I went to sleep at around two a.m., to the thump and slide of boxes being moved around upstairs.
Chapter Four
“I don’t know a thing, and I don’t want to know a thing,” the bodega man said. He was a tall, thin Latino in his middle fifties. His salt-and-pepper hair was cut short, and his graying mustache was neatly trimmed. He wore pressed khakis, a gray sweater, and new-looking sneakers. And he was never still. Just then he was vigorously wiping down the small countertop near the checkout, where an earlier customer had spilled a little coffee. The counter, like the whole store, was clean but thick with merchandise. Combs and painkillers, condoms and CDs, lighter fluid and vitamins and an endless supply of batteries were crowded in dense but orderly displays around the register. His morning rush was over, and for the moment we were alone in the store.
“Look, you’re not the police. I don’t have to talk to you. Besides, who ever got into a hassle because they didn’t talk to somebody?” I could think of a few people, but I didn’t comment. He came around the counter and headed briskly down one of the narrow aisles. I followed, sure that I’d be swallowed in an avalanche of tampons and breakfast cereals.

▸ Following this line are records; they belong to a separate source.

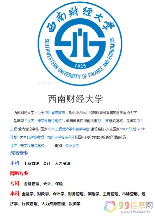 西南财经大学欢迎www.99xinxi.net 位列“双”世界学科建设高校、211工程、www.99xinxi.net99信息网985工程优势学科创新平台;以经济学管理学为主体、金融学为重点的全国重点大学。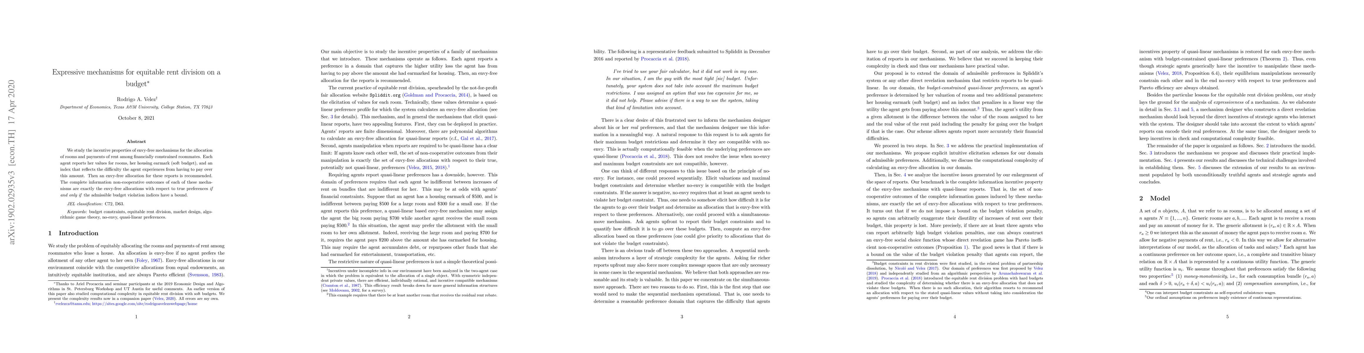 Researchers develop mechanisms to fairly divide rent among roommates while respecting their budget constraints, finding that complete information is necessary for optimal outcomes.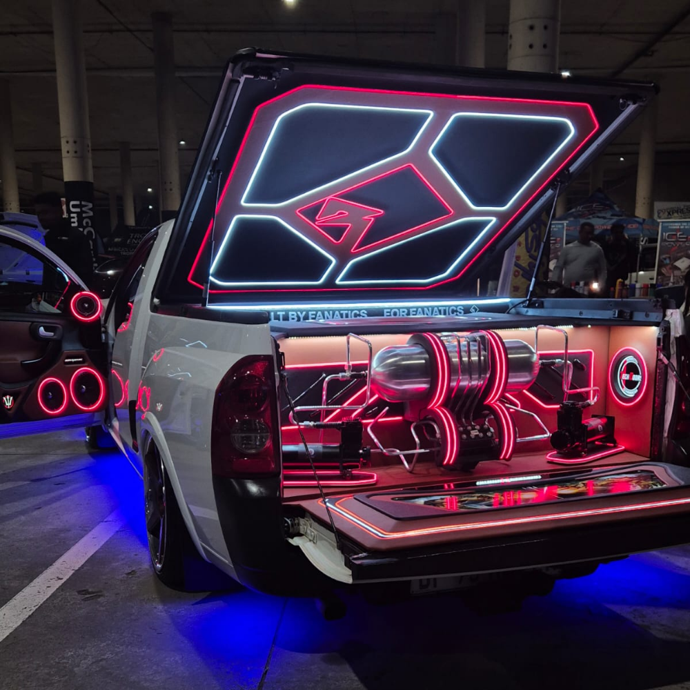 The exterior stance is equally striking. The vehicle sits on 18-inch forged two-piece split rims, custom-made by Forgia Wheels South Africa. As a one-of-one set, these wheels contribute to the ute’s unique identity and unmistakable presence.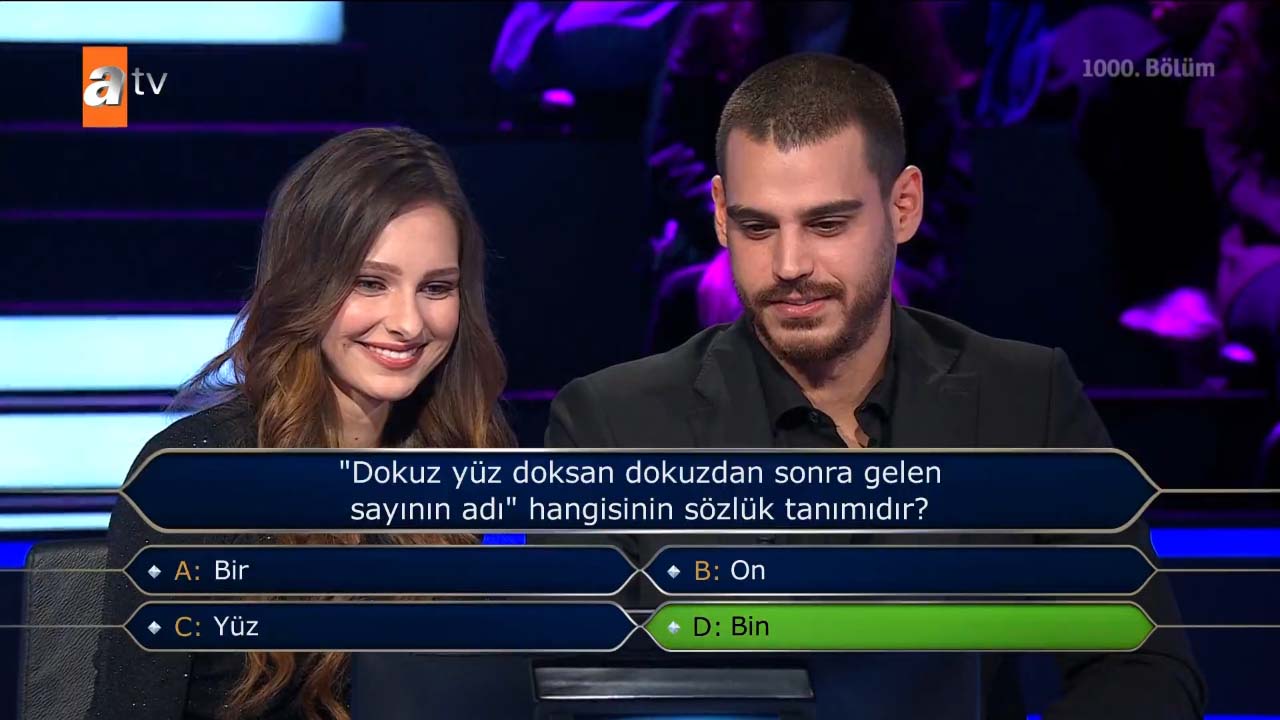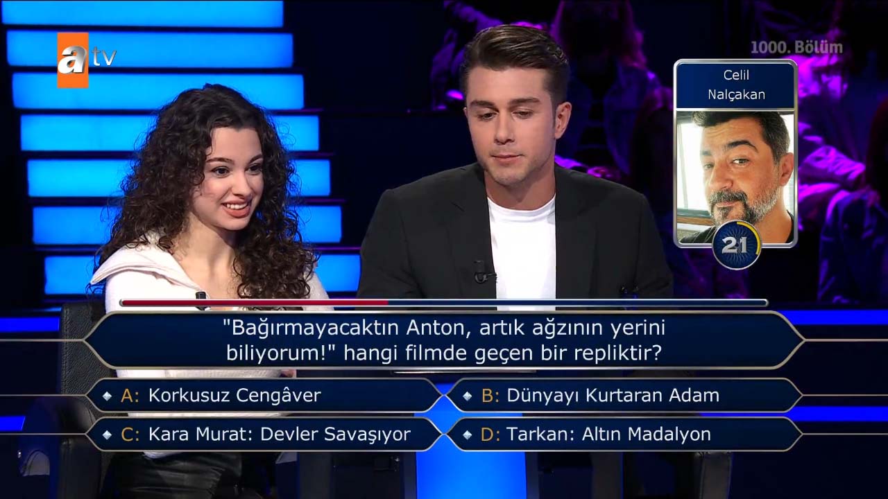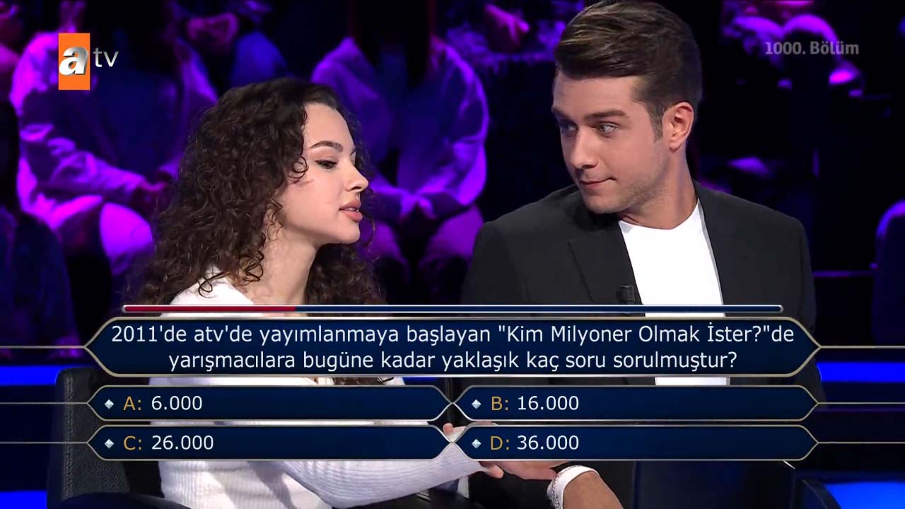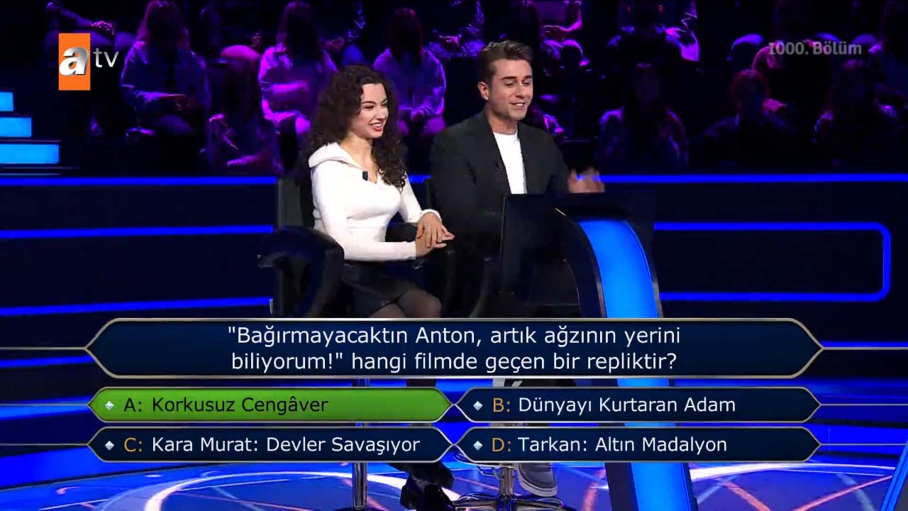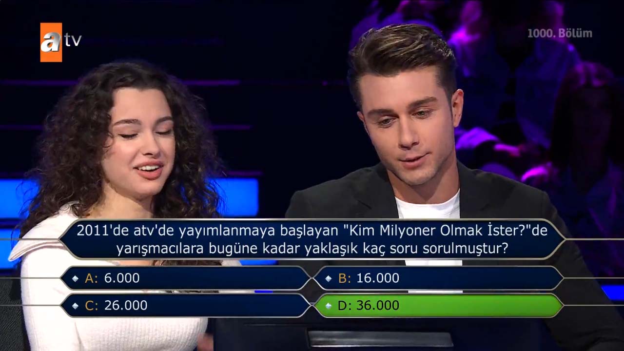 Ünlü ve yakışıklı oyuncu - sunucu Kenan İmirzalıoğlu'nun sunumuyla Atv'de fırtınalar gibi esen bilgi yarışması "Kim Milyoner Olmak İster?" 1000'inci programı ile ünlüleri ağırladı. Yalnız Kurt dizisinin 'MERYEM'i Brezilyalı oyuncu ve model Jessica May ile Yalnız Kurt dizisinin 'ALTAY'ı oyuncu Hasan Denizyaran, atv dizisi ALDATMAK'ın oyuncuları Feyza Sevil Güngör (Oylum Yenersoy ) ve Yusuf Çim (Ozan Yenersoy), diğer yandan yine Atv'de yayınlanan Kardeşlerim dizisinin genç ve başarılı oyuncuları "ASİYE" Su Burcu Yazgı Coşkun ve "DORUK" Onur Seyit Yaran "Kim Milyoner Olmak İster?" yarışmacısı oldu. Büyük heyecan yaratan Jessica May ve Hasan Denizyaran 400.000 TL'lik o soruda geri çekildi. Ayrıca iki oyuncu "Deli Yürek, Kurtlar Vadisi, Yalnız Kurt, Pars: Narkoterör" gibi birçok bomba yapıma imzasını atan usta yönetmen Osman Sınav'a kritik bir soru yönelttiler. İşte o sorular ve yanıtlar...

“And besides, you know how many people come in here every day to make calls or send faxes?” Actually, I had no idea, but I suspected he’d tell me. For someone with nothing to say, he liked to talk. “I get sixty, seventy people in here some weeks, some weeks more. They got no phones, so they come in here and buy cards and make calls. They send faxes, and get them here too. That’s a lot of business. How am I supposed to know anything?” I could appreciate the sentiment.
I followed him down more aisles to the back of the store, where his copier, phone, and fax were, in a little kiosk near the refrigerator section. There was a swinging door to a back room beside it. He pushed it open and reached in and rolled out a metal bucket and a mop. He started mopping the floor.
“I’m not interested in all the business you do in a week,” I said. “I’m interested in somebody who sent a fax from here eight days ago. It was a twelve-page fax, to a local number. Is that longer than what your customers usually send? Do a lot of them send faxes locally? Do you remember who sent faxes eight days ago? Do you keep any records?” He stopped mopping and looked at me for the first time since I’d walked in.
“You’re not a cop,” he said, as if he hadn’t already said it a half-dozen times.
“I’m not,” I affirmed yet again. He mopped in silence for a while, and then stopped.